*** Opening of COLLECTED MATERIAL ***

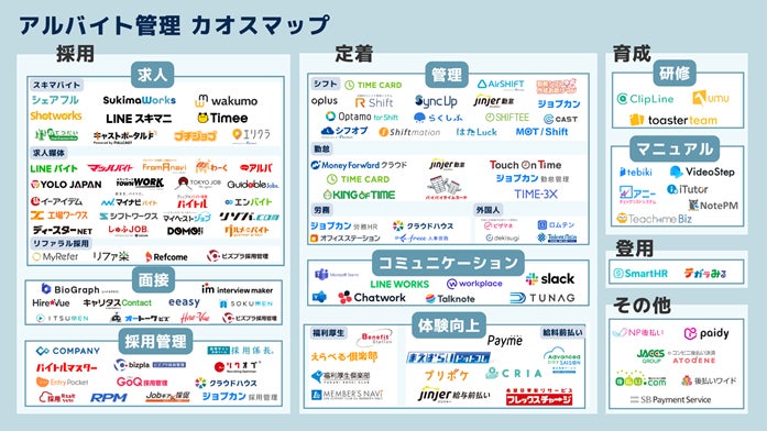 シフト管理サービス『Sync Up』、「店長Lab.(店長ラボ)」にて2022年度最新版 アルバイト管理サービスのカオスマップ(業界地図)を初公開
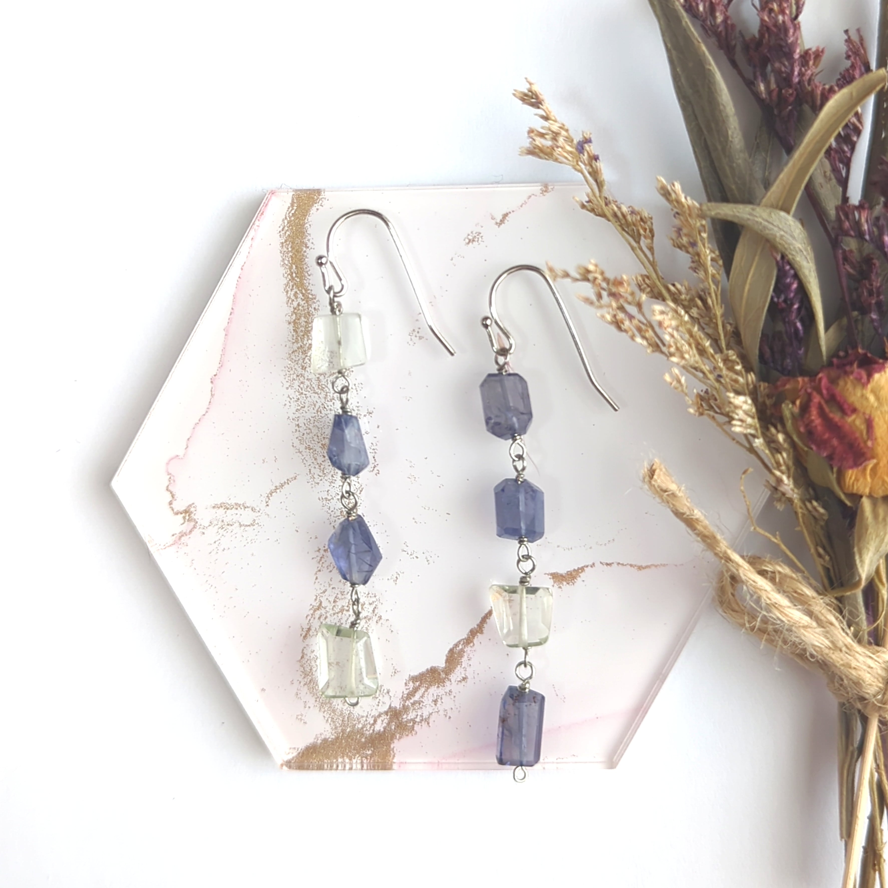 天然石 パワーストーン アイオライト 紫 グリーンアメジスト 緑 レア 効果 天然石ジュエリー 一点物 アクセサリー アシメ アシンメトリー オフィス カジュアル イヤリング ポストピアス フックピアス 一点もの ゴールド 金色 キラキラ ハンドメイド 個性的 個性派 普段使い 大人可愛い 大人 女子 女子力 きれいめ かわいい 可愛い オールシーズン 春 夏 秋 冬 デート
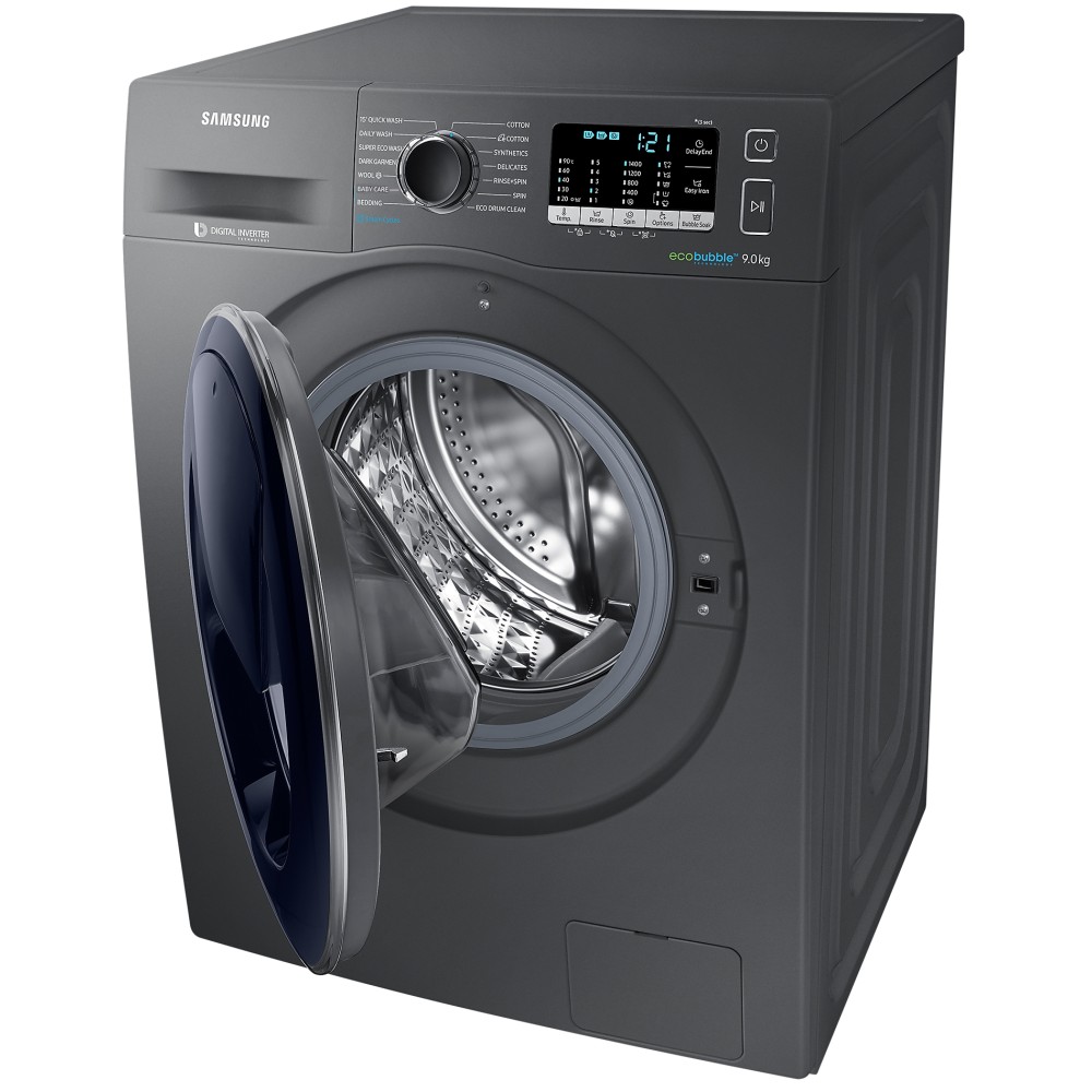 - سرعت چرخش 1400 دور در دقیقه (1400 rpm) تکنولوژی Ecobubble (Eco Bubble) برای ایجاد حباب و تمیز کردن موثرتر و محافظت از لباس ها با دمای پایین آب پشتیبانی از برنامه SAMSUNG Smart Washer برای عیب یابی هوشمند ماشین لباسشویی از طریق موبایل (مخصوص موبایل های اندرویدی و iOS) قابلیت Steam برای شستشو با بخار دارای دیگ الماسه Diamond Drum صفحه نمایش بزرگ از نوع LED محفظه مواد شوینده با ویژگی StayClean Drawer جهت شستشوی خودکار داخل محفظه و جلوگیری از به جا ماندن مواد شوینده در آن دارای لوله هیتر سرامیکی (Ceramic Heater) برای جلوگیری از تشکیل رسوبات در اطراف لوله و افزایش طول عمر ماشین لباسشویی تکنولوژی Hygiene Steam برای شستشوی کاملا بهداشتی و از بین بردن باکتری ها و ذرات آلرژی زا تا 99.9% به کمک بخار استفاده از آب سرد بعنوان ورودی تضمین عملکرد و کارایی موتور دیجیتال اینورتر (Digital Inverter) تا 10 سال توسط سامسونگ دارای موتور (دیجیتال اینورتر) Digital inverter با طول عمر بالا و صرفه جویی در مصرف انرژی و زمان هنگام شستشو

*** Close of COLLECTED MATERIAL ***

Take the lines from the one holding "天然石 パワーストーン アイオライト" through the final line of the listing above and copy them exactly, both ends included, with no pictures.

 天然石 パワーストーン アイオライト 紫 グリーンアメジスト 緑 レア 効果 天然石ジュエリー 一点物 アクセサリー アシメ アシンメトリー オフィス カジュアル イヤリング ポストピアス フックピアス 一点もの ゴールド 金色 キラキラ ハンドメイド 個性的 個性派 普段使い 大人可愛い 大人 女子 女子力 きれいめ かわいい 可愛い オールシーズン 春 夏 秋 冬 デート
 - سرعت چرخش 1400 دور در دقیقه (1400 rpm) تکنولوژی Ecobubble (Eco Bubble) برای ایجاد حباب و تمیز کردن موثرتر و محافظت از لباس ها با دمای پایین آب پشتیبانی از برنامه SAMSUNG Smart Washer برای عیب یابی هوشمند ماشین لباسشویی از طریق موبایل (مخصوص موبایل های اندرویدی و iOS) قابلیت Steam برای شستشو با بخار دارای دیگ الماسه Diamond Drum صفحه نمایش بزرگ از نوع LED محفظه مواد شوینده با ویژگی StayClean Drawer جهت شستشوی خودکار داخل محفظه و جلوگیری از به جا ماندن مواد شوینده در آن دارای لوله هیتر سرامیکی (Ceramic Heater) برای جلوگیری از تشکیل رسوبات در اطراف لوله و افزایش طول عمر ماشین لباسشویی تکنولوژی Hygiene Steam برای شستشوی کاملا بهداشتی و از بین بردن باکتری ها و ذرات آلرژی زا تا 99.9% به کمک بخار استفاده از آب سرد بعنوان ورودی تضمین عملکرد و کارایی موتور دیجیتال اینورتر (Digital Inverter) تا 10 سال توسط سامسونگ دارای موتور (دیجیتال اینورتر) Digital inverter با طول عمر بالا و صرفه جویی در مصرف انرژی و زمان هنگام شستشو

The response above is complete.